Without getting too deeply into British legal history (look up wergeld and frankpledge if you have a hankering for more knowledge, or read Tim Schnacke’s excellent “Model” Bail Laws: Re-Drawing the Line Between Pretrial Release and Detention), we can say this: While bail has in many circles become synonymous with money, history shows that the imperative legacy of bail is its function as a means of release. The dominant form of release in early English history was essentially a personal surety system, where a person—the surety—agreed to take responsibility over defendants. The surety in this case was not allowed to profit from this arrangement, nor was the surety even allowed to accept a promise of reimbursement in the event that the accused defaulted on the payment—i.e., indemnification.

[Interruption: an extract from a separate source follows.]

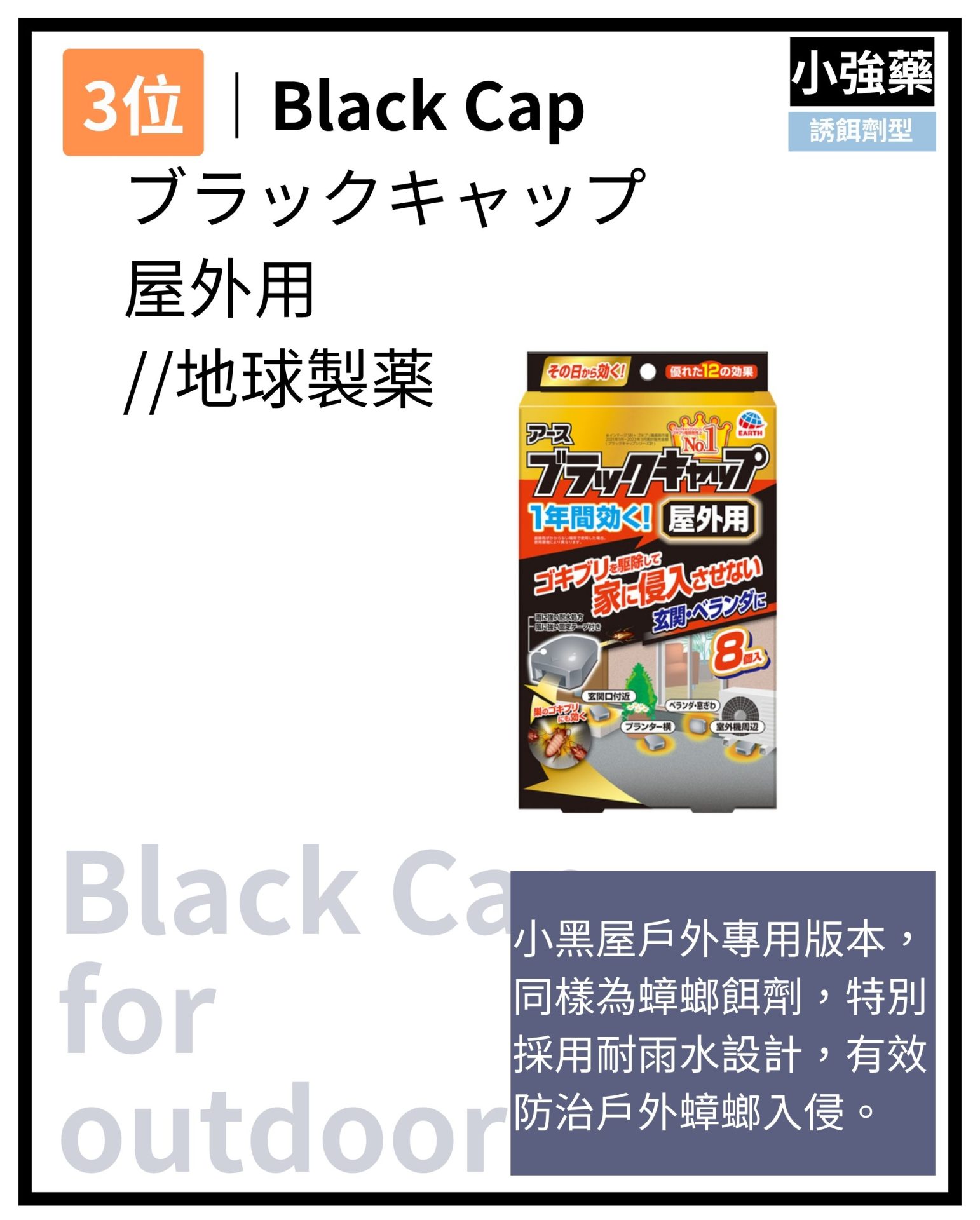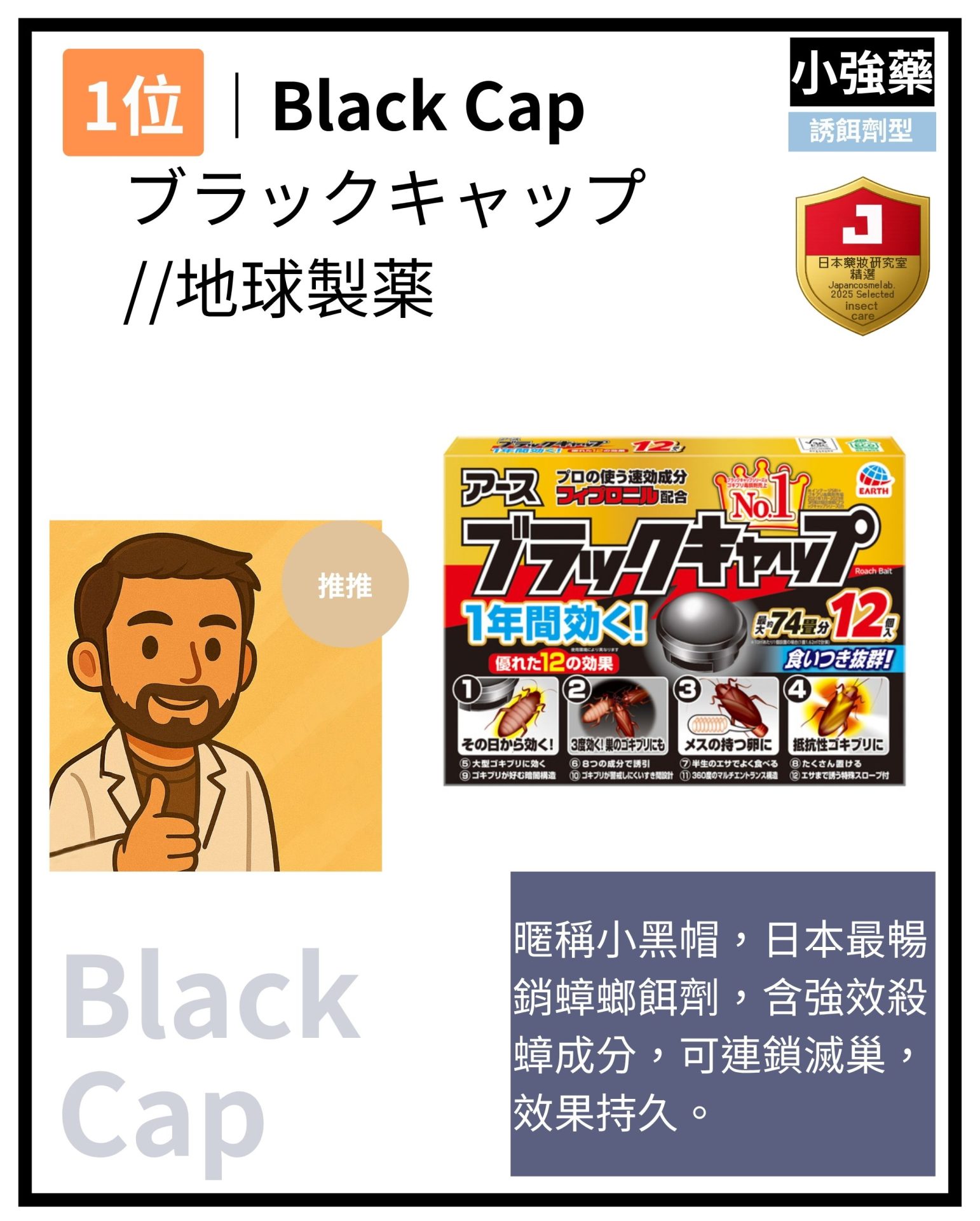 • Feature: 暱稱小黑帽,日本最暢銷蟑螂餌劑,含強效殺蟑成分,可連鎖滅巢,效果持久。

When someone says that money bail is a fundamental right and is as old as the republic, then, they are trying to glide past some critical details. The form of bail in virtually all criminal cases during Colonial times was a combination of personal sureties and recognizance, meaning that there was no up-front requirement to pay, and sureties had to show their ability to pay the amount set if defendant failed to return to trial.
Putting to one side the question of whether for-profit bonding is desirable, release on recognizance plus the prohibition on profit and indemnification for sureties meant that there were no up-front fees that would keep a defendant from being released. Up-front costs in our current system in the form of bond premiums and collateral requirements have meant that people who are likely to return to court with no offending are instead kept behind bars. In some cases, the consequences are even more dire: in 2014, more than 1,000 people died in jail, many of whom remained unconvicted of their charges at the time of death.

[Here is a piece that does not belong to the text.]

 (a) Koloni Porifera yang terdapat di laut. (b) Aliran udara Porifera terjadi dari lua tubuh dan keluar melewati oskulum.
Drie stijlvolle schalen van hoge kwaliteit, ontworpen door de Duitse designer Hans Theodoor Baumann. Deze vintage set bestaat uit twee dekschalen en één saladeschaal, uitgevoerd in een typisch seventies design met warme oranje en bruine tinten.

Another important thread in the history of bail is the development of the bail/no-bail dichotomy. During the early legal history of England, the distinction between bailable and un-bailable offenses was developed, where bailable meant the right to release. In 1166, King Henry established a list of felonies that were considered un-bailable. In 1275, Parliament enacted the Statute of Westminster, which warned sheriffs that to deny the release of bailable defendants or to release un-bailable defendants was against the law. In 1689, when justices began setting financial conditions in amounts so high that they led to the detention of bailable defendants, the English Bill of Rights declared that “excessive bail ought not be required.” Proponents of for-profit bail have tried to twist the prohibition against excessive bail into a right to bail—but not to affordable bail—in all cases, but history shows differently. The prohibition on excessive bail does not establish a right to bail in all cases, only those cases that are bailable in the first place. Moreover, historically, the detention of bailable individuals for any reason, including the lack of money, has always led to reform.
When someone tries to make commercial, for-profit bonding sound like a long-standing tradition, it helps to know the details of history and how deviating from that history implicates our current conditions, policies, and values. We also need to look to the future, using the legal and evidence-based tools available to us, to make the best and most just decisions we can at this critical stage of the legal process.